# Lambda calculus (λ) reduction orders and normal form ###### byLiger Learn

1. What is the lambda (λ) calculus?
2. Bound vs. free variables in the lambda (λ) calculus
3. Delta (δ) rules in the lambda (λ) calculus
4. Beta (β) reduction in the lambda (λ) calculus
5. Alpha (α) conversion in the lambda (λ) calculus
6. Eta (η) conversion in the lambda (λ) calculus
7. Summary of the lambda calculus (λ) evaluation rules
8. (This video) Lambda calculus (λ) reduction orders and normal form
9. The Church-Rosser theorem and the lambda (λ) calculus

## Reducible Expressions and Normal Form

If an expression can be reduced to a simpler form using one of the reduction rules then it is known as a “reducible expression”.

If a lambda calculus expression contains no more reducible expressions within it then evaluation of the expression is complete and it is said to be in “normal form”.

Essentially, the evaluation of a lambda calculus programme, consists of successively reducing all of the reducible expressions of the program until it is in normal form.

That itself begs the question, when we have a large program, consisting of multiple reducible expressions – which one should we reduce? What is the order in which we should choose to reduce the expressions?

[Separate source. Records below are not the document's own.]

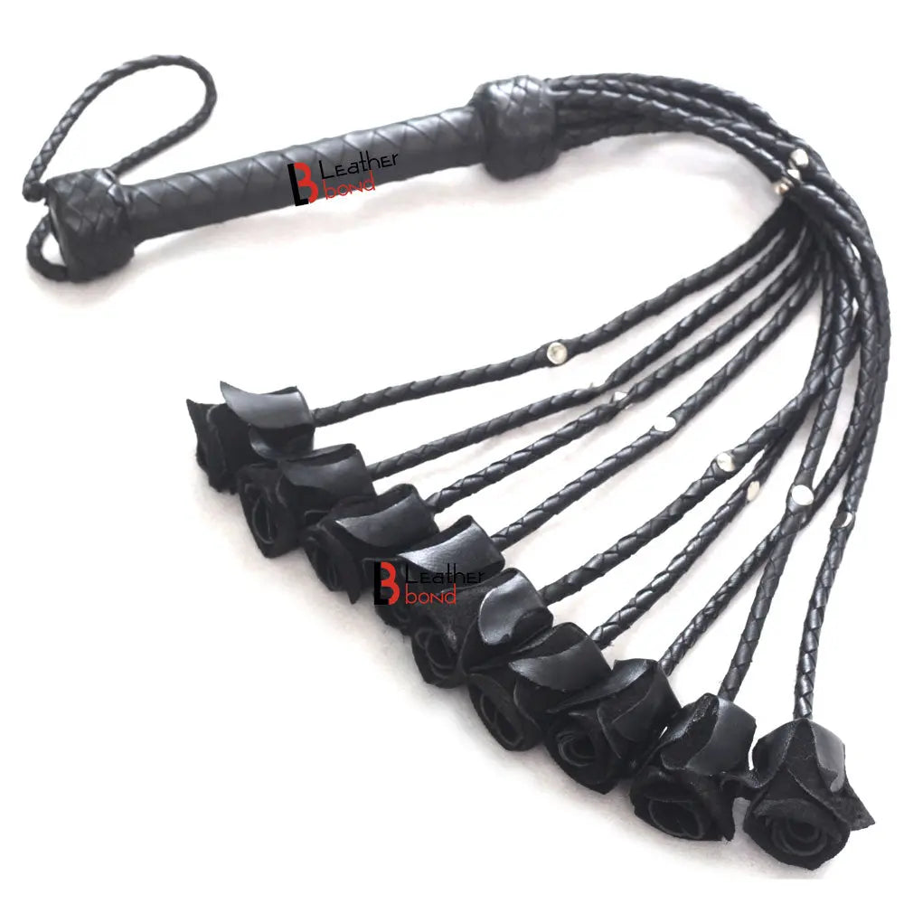 Rose Flogger Real Genuine Cowhide Leather 9 Braided Falls Heavy Black Roses & Steel Studs Cat-o-nine Tails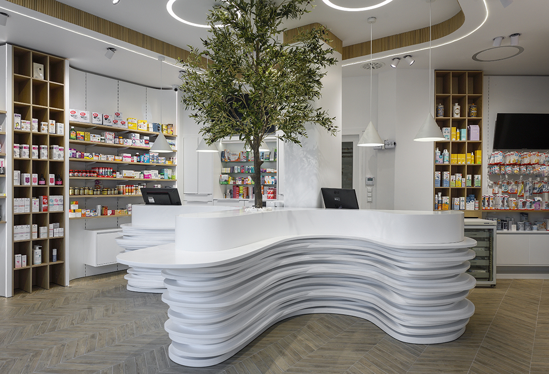 The project required careful study on multiple levels to balance functionality with aesthetic appeal. Efforts focused on meeting the necessary specifications for a pharmacy, aligning with the client’s aesthetic preferences, and ultimately creating a space with a commanding presence that distinguishes it from the competition.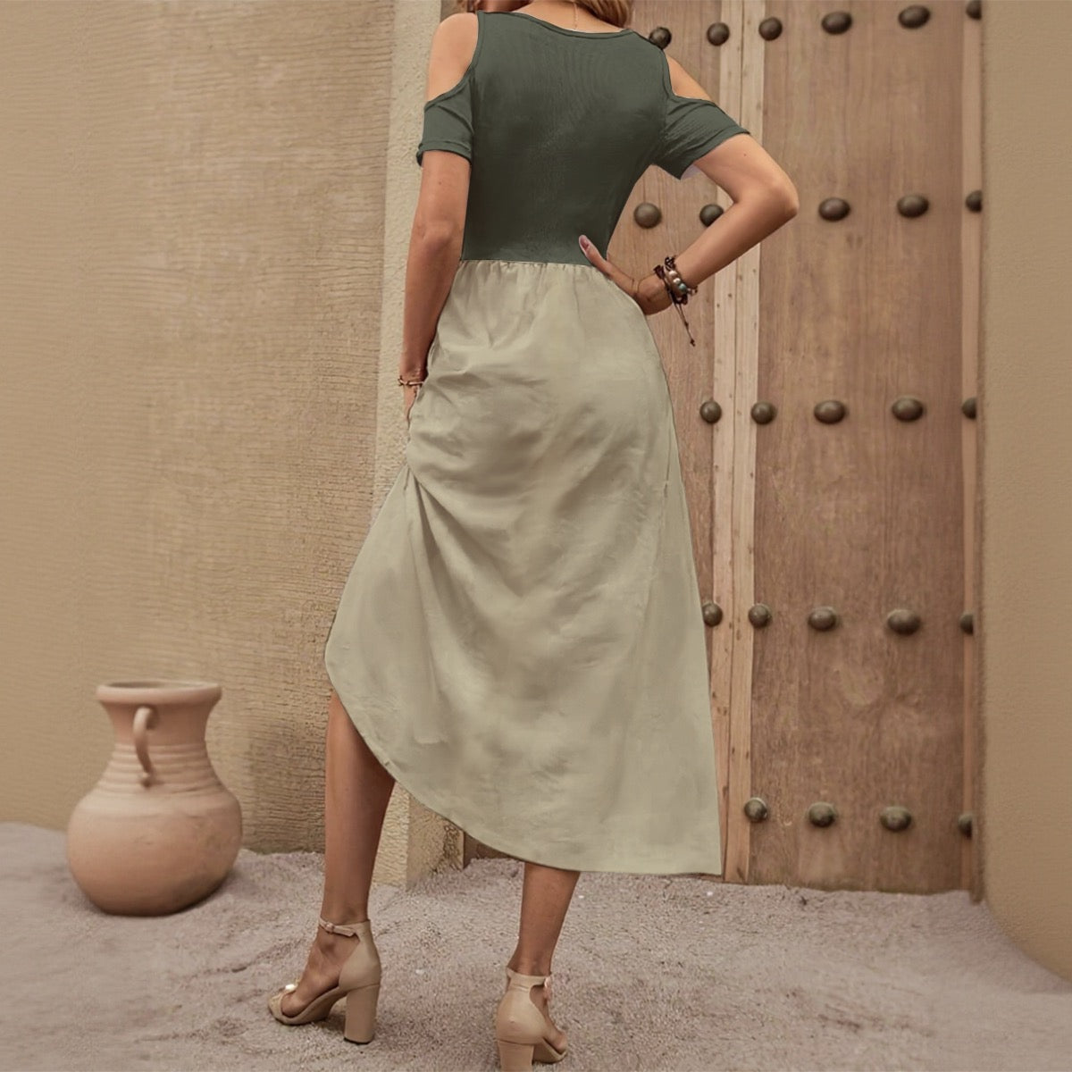 Experience effortless elegance in our off-the-shoulder maxi dress, the perfect blend of comfort and style. Made from high-quality, lightweight and soft fabric, this dress is designed to keep you cool and comfortable while looking fabulous all day long. The fitted V-neck and sleek, off-the-shoulder short sleeves flatter your shoulders for a feminine, modern silhouette. The high-rise cut, slightly nipped in at the waist, and draped at the hem for a fitted, figure-flattering drape without sacrificing comfort.

## Lambda (λ) Calculus Reduction Orders

Consider the following expression:

$(+ \ (* \ 3 \ 4)(* \ 7 \ 8)))$

There are multiple ways in which we can reduce this expression to normal form: let’s look at two:

### Reduction Order 1 – “leftmost outermost reducible”

In this reduction order we always choose the leftmost, outermost reducible expression and reduce that, until we reach normal form. So the reduction proceeds like so:

$(+ \ (* \ 3 \ 4)(* \ 7 \ 8)))$ $(+ \ 12(* \ 7 \ 8)))$ $(+ \ 12 \ 56)$ $68$

### Reduction Order 2 – “rightmost reducible”

In this reduction order we always choose the rightmost reducible expression and reduce that, until we reach normal form. So the reduction proceeds like so:

$(+ \ (* \ 3 \ 4)(* \ 7 \ 8)))$ $(+ \ (* \ 3 \ 4)\ 56)$ $(+ \ 12\ 56)$ $68$

In both cases the reduction orders ended with the same result. But as you will see below: that is not always going to happen, and so the choice of reduction order can be important!

### Reduction Orders Matter!

Consider the following expression:

$(\lambda x.\color{red}{x \ x}) \color{blue}{(\lambda x.\ x \ x)}$

We know that to reduce this expression we need to perform a beta reduction where we copy of the body of the lambda abstraction and replace it with the argument. The body of the lambda abstraction is highlighted in red, and the argument we need to overwrite it with in blue.

If we do the reduction:

$\overset{\beta}{\longrightarrow} \ (\lambda x.\ x \ x) (\lambda x.\ x \ x)$

Then you can see that we get the same expression back and if we reduce that we get the same expression again! What we have here is an infinite loop. This expression will never terminate.

It is important to note that whereas some reduction orders may reach normal form, others will not.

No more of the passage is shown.